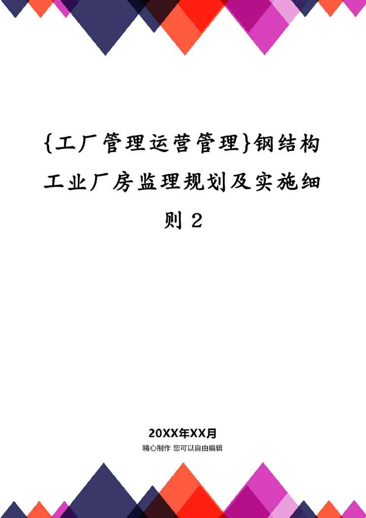 本站正式发布了《{工厂管理运营管理}钢结构工业厂房监理规划及实施细则2》文档,文档详细内容可下载阅读。 声明:本站所有文章,如无特殊说明或标注,均为本站原创发布。任何个人或组织,在未征得本站同意时,禁止复制、盗用、采集、发布本站内容到任何网站、书籍等各类媒体平台。如若本站内容侵犯了原著者的合法权益,可联系我们进行处理。
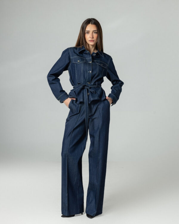 Горниот дел со структуриран крој и ремен ја нагласува женствената силуета, додека широките панталони додаваат елегантна линија и визуелна издолженост. Оваа комбинација создава баланс помеѓу удобност и стил – идеална за секојдневни урбани активности, но и за посебни прилики.
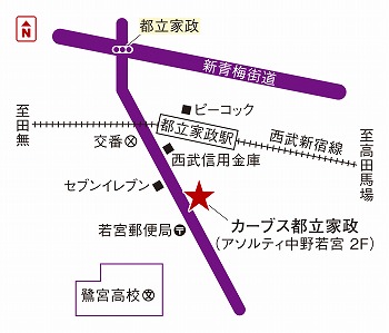 西武新宿線 都立家政駅南口を出て、左手商店街を直進 徒歩3分 や台ずし 都立家政駅南口町店さんの2Fです。※店前に駐輪場はありません。お近くの駐輪場をご利用下さい。
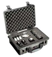 Pelican* Protector Case*^ Unbreakable, watertight, dustproof, chemical-resistant, and corrosion-proof. Made of ultra-high impact structural copolymer for durability. 6.4mm neoprene O-ring and ABS latches. Temperature: -23 to 99[degree]C. Outside: 47x35.7x17.6cm. Depth: 11cm. Black.
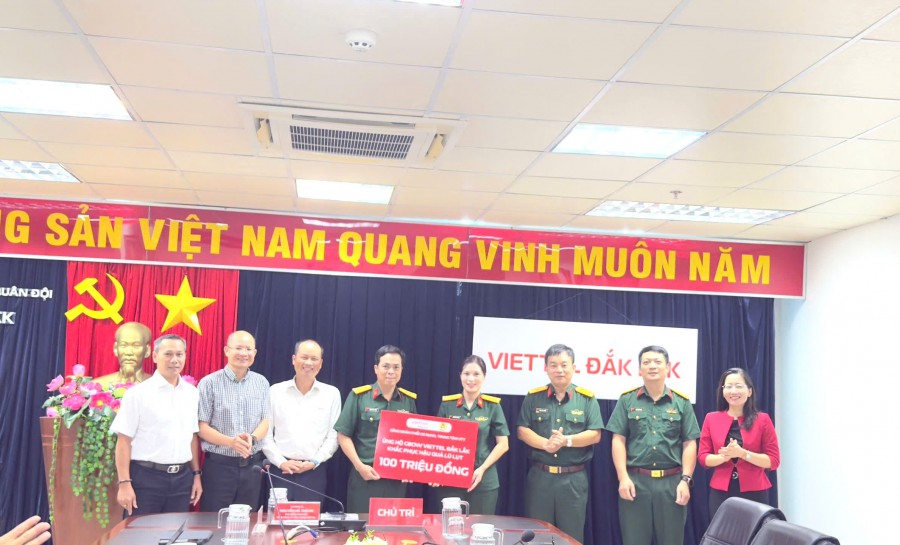 Đoàn công tác đã trực tiếp trao tặng Viettel Đắk Lắk số tiền 100 triệu đồng để kịp thời hỗ trợ và động viên đơn vị và các gia đình CBCNV tiêp tục khắc phục khó khăn cơn bão số 13 gây ra và phấn đấu hoàn thành xuất sắc nhiệm vụ giao.
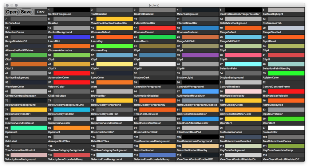 PDF guide in English and German containing detailed graphics showing which colour swatches are responsible for changing the colours of which elements in Ableton Live. Further instructions on using the Max for Live Skin Editor to create your own skins for Live can be found here.
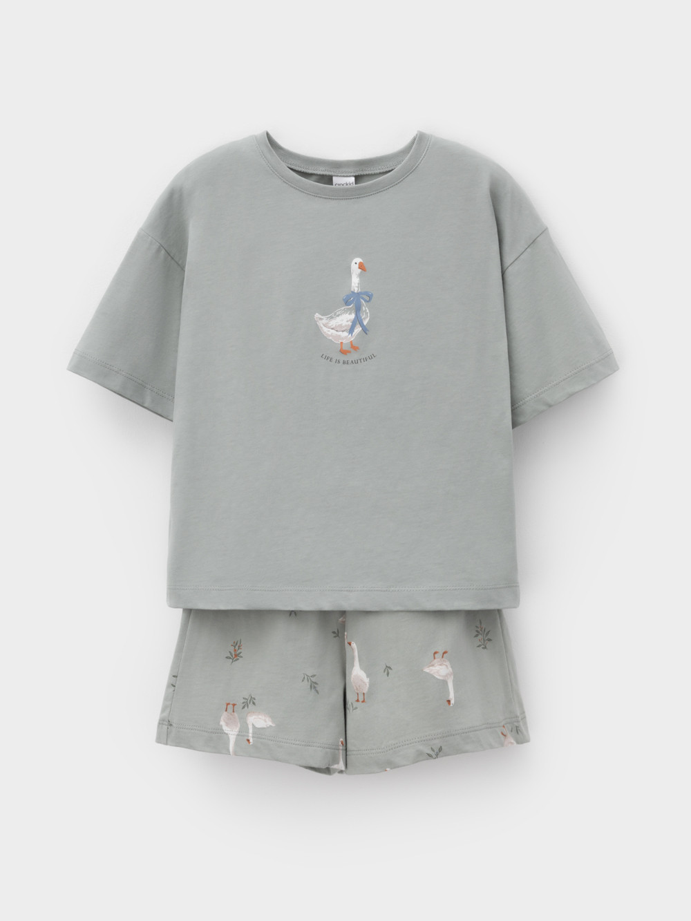 Трикотажная пижама из натурального хлопка для комфортного сна и отдыха. Футболка с короткими спущенными рукавами и шорты с мягкой эластичной резинкой в поясе. Оригинальная набивка и принт выполнены из стойких текстильных гипоаллергенных красителей. Изделие сохраняет цвет и форму после многократных стирок. Все трикотажные полотна производятся в соответствии с нормами швейцарского сертификата ЭкоТекс.

____________________

*ACTIVITY*
Although the records above contain pictures, the copy should hold only the lines from their start through the line containing "Đoàn công tác", each exactly as written, and none of the pictures.

*REPLY TO THE EXERCISE*
 本站正式发布了《{工厂管理运营管理}钢结构工业厂房监理规划及实施细则2》文档,文档详细内容可下载阅读。 声明:本站所有文章,如无特殊说明或标注,均为本站原创发布。任何个人或组织,在未征得本站同意时,禁止复制、盗用、采集、发布本站内容到任何网站、书籍等各类媒体平台。如若本站内容侵犯了原著者的合法权益,可联系我们进行处理。
 Горниот дел со структуриран крој и ремен ја нагласува женствената силуета, додека широките панталони додаваат елегантна линија и визуелна издолженост. Оваа комбинација создава баланс помеѓу удобност и стил – идеална за секојдневни урбани активности, но и за посебни прилики.
 西武新宿線 都立家政駅南口を出て、左手商店街を直進 徒歩3分 や台ずし 都立家政駅南口町店さんの2Fです。※店前に駐輪場はありません。お近くの駐輪場をご利用下さい。
 Pelican* Protector Case*^ Unbreakable, watertight, dustproof, chemical-resistant, and corrosion-proof. Made of ultra-high impact structural copolymer for durability. 6.4mm neoprene O-ring and ABS latches. Temperature: -23 to 99[degree]C. Outside: 47x35.7x17.6cm. Depth: 11cm. Black.
 Đoàn công tác đã trực tiếp trao tặng Viettel Đắk Lắk số tiền 100 triệu đồng để kịp thời hỗ trợ và động viên đơn vị và các gia đình CBCNV tiêp tục khắc phục khó khăn cơn bão số 13 gây ra và phấn đấu hoàn thành xuất sắc nhiệm vụ giao.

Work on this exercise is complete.